Bir ölüm vakasıyla gündeme gelen, babasından dolayı tanınan ve bu olayla bir anda popüler olup yarın bir gün muhtelif dizi tekliflerinin geleceği bir adamın beyanına bakarak gencecik bir kadını bu kadar ağır eleştirirken, insanda biraz vicdan olmalı diye düşünüyorum.

Böyle bir olayda hissedilmesi gereken tek bir duygu olmalıydı… Acı… Acı karşısında hemen acı veren unsuru gidermek için faaliyete geçeriz. Böyle de oldu zaten! Gereksiz yere acı çekmeyi kimse istemez. Ancak acının kaçınılmaz olduğu durumlarda, cesurca acı çekmeyi kabul edersek, hayat da son ana kadar bir anlama sahip olur ve acı, işkence olmaktan çıkarak anlamlı bir hale gelir.

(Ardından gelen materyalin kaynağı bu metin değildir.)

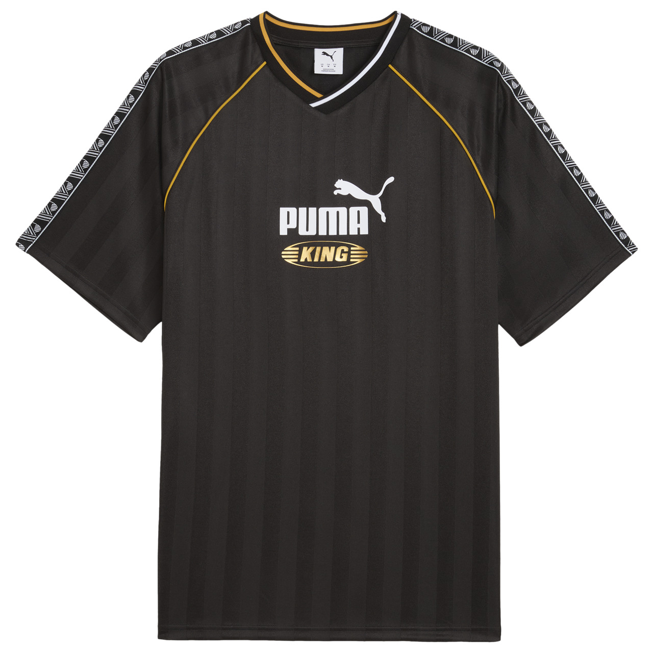 Some legends never fade; they evolve. Step into legacy with the PUMA King Jersey. Inspired by the legendary King Indoor that defined early 2000s street style, this jersey brings that same iconic energy into today's game. Part of a bold, archive-inspired collection designed to inspire the next generation, the King logo takes pride of place front and center, delivering a signature look that commands attention. Crafted from breathable pique fabric and enhanced with dryCELL technology, this jersey keeps you cool and sweat-free whether you're on the pitch or off-duty. The graphic tape on the sleeves gives you that laid-back edge, while the bold all-over print ensures you stand out with every move. From kick-off to kick-back, the PUMA King Jersey is your go-to for style, comfort, and legacy-level confidence. PUMA King Jersey features: Relaxed fit delivers a comfortable feel. Short sleeves allow ventilation. V-neck offers a flattering look. Regular length gives a clean finish. Shell: 100% polyester; Rib: 97% polyester/3% elastane. Imported.
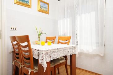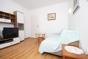 Ferienwohnung bietet Platz für 6 Gäste. Die Betten sind in Schlafzimmern, die es 2 gibt, und in Wohnzimmer, innerhalb einer Gesamtfläche von 66m2, angeordnet. Die Gäste haben eine eigene Terrasse zur Verfügung, auf der sie in warmen Sommernächten genießen können. Das Apartment bietet Meerblick. Es ist erlaubt, Speisen auf dem Gemeinschafts-Grill vorzubereiten.
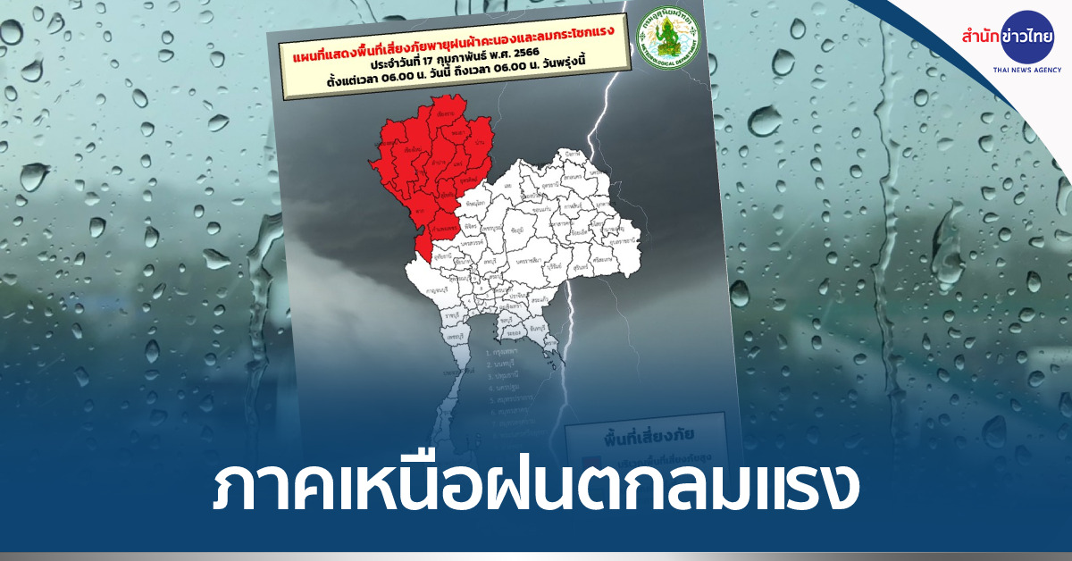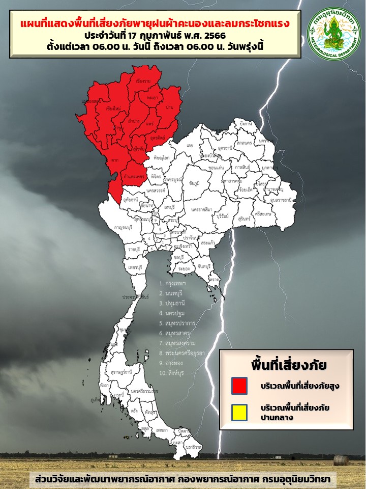 กรมอุตุนิยมวิทยา พยากรณ์อากาศ 24 ชั่วโมงข้างหน้า คลื่นกระแสลมฝ่ายตะวันตกเคลื่อนเข้าปกคลุมภาคเหนือ ทำให้ภาคเหนือมีพายุฝนฟ้าคะนอง ลมกระโชกแรง และลูกเห็บตกบางแห่ง หลังจากนั้นอุณหภูมิจะลดลงอีก 2-4 องศาเซลเซียส ขอให้ประชาชนระมัดระวังอันตราย โดยหลีกเลี่ยงการอยู่ในที่โล่งแจ้ง ใต้ต้นไม้ใหญ่ ป้ายโฆษณา และสิ่งปลูกสร้างที่ไม่แข็งแรง สำหรับเกษตรกรควรเตรียมการป้องกันและระวังความเสียหายที่จะเกิดต่อผลผลิตทางการเกษตร และดูแลสุขภาพเนื่องจากสภาพอากาศที่เปลี่ยนแปลงในระยะนี้ ในขณะที่บริเวณความกดอากาศสูงกำลังค่อนข้างแรงจากประเทศจีนปกคลุมประเทศไทยตอนบน ทำให้บริเวณดังกล่าวมีอากาศเย็นถึงหนาวในตอนเช้า และอุณหภูมิจะลดลง 1-2 องศาเซลเซียส
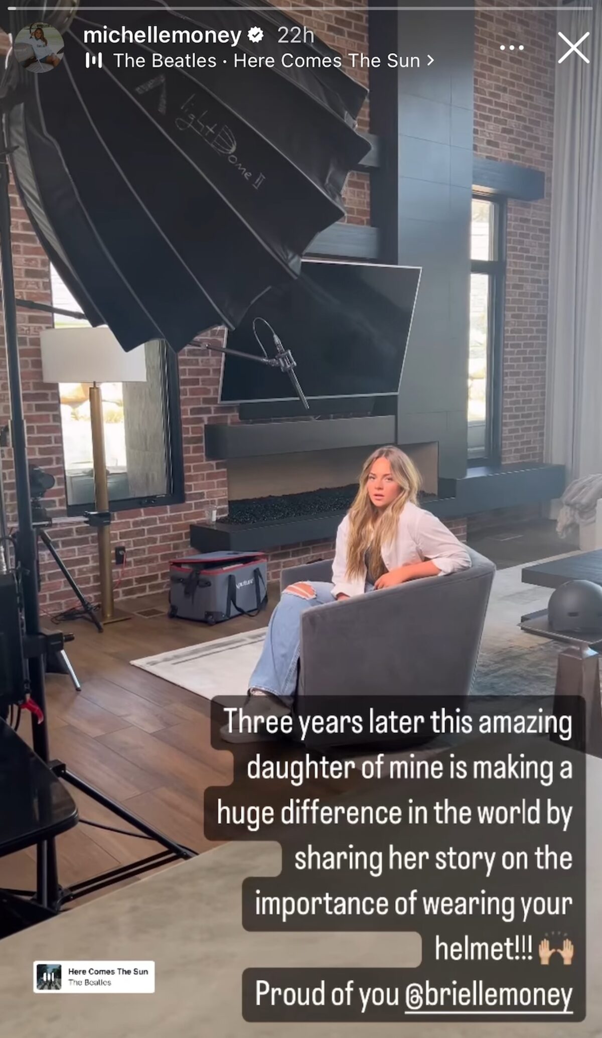 Alongside a photo of her daughter set up for a TV interview, Michelle wrote, “Three years later, this amazing daughter of mine is making a huge difference in the world by sharing her story on the importance of wearing your helmet. Proud of you Brielle Money!”

Bu insafsız hayat koşusunda, devam edebilmenin tek koşulu var. Eğer ceylansanız ve henüz
aslana yem olmadıysanız hızınızı düne göre mutlaka arttırmalısınız. Dünden daha hızlı olabilmek! Bakın bakalım şimdi kendinize; ONDAN, ŞUNDAN, BUNDAN DEĞIL, DÜNDEN HIZLI MISINIZ?

Sevgili hemşerim, değerli büyüğüm, usta kalem Hıncal Uluç, aman siz kendinize dikkat edin, “Su yolunda kırılmayın!”